The three best confusion matrices are displayed in Figure 5. It can be seen that all three subsets achieved classification accuracies well above 85 %. The manual choice set is the least accurate with 87 % whereas the two other methods of feature selection achieved a slightly higher accuracy: 89 %. What makes the two automatic selection methods more appealing is not only the better accuracy, but also the fact that they work with a smaller dimensionality. As a general rule, in fact, the lower the dimensionality, the higher the chances are that the Machine Learning model can generalise and deliver good results with data different from the training ones. Between the correlation and NCA we picked the latter because it has a slightly better accuracy when the true class is 4, the class indicating an imminent failure.

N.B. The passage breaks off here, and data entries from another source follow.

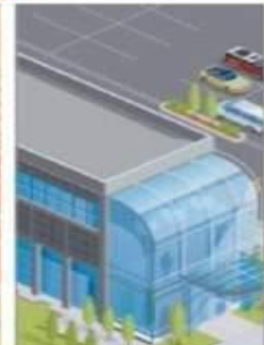
Prise de possession et exploitation
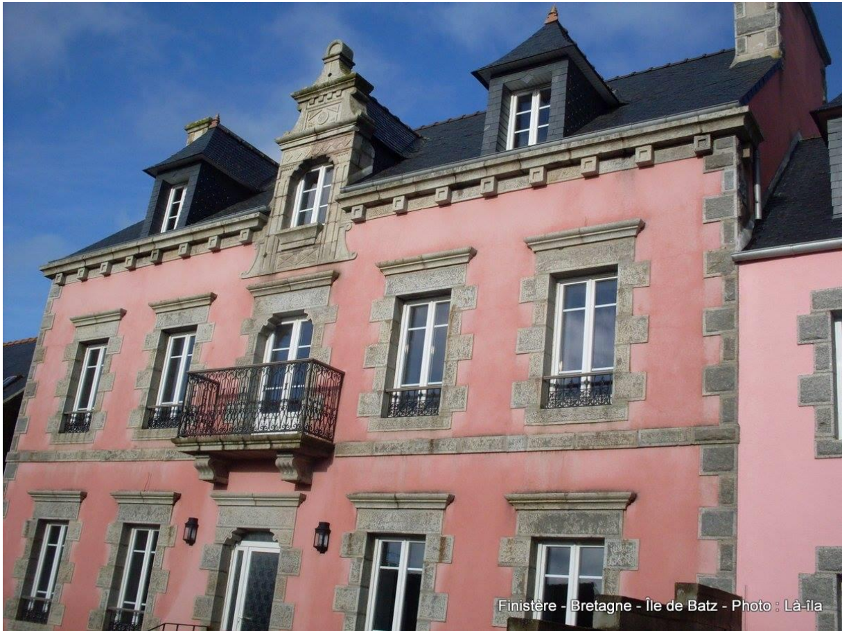
L'hôtel Ker Noël à l'île de Batz
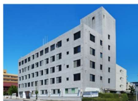
国分中央病院 (徒歩 6分)

We were able to use the sensors already installed in the machine to obtain additional information for the estimation of the state of health of some critical moving parts. We logged the sensors’ data while running the machine without lubrication until one part reached failure. We divided the full time series into segments and assigned them a label indicating the status of the moving part. Subsequently, we used Matlab’s ‘Diagnostic Feature Designer’ app to automatically extract and select the features that best correlate with the status. Finally, we built a Machine Learning classification model that achieved 89 % classification accuracy using only 5 extracted features.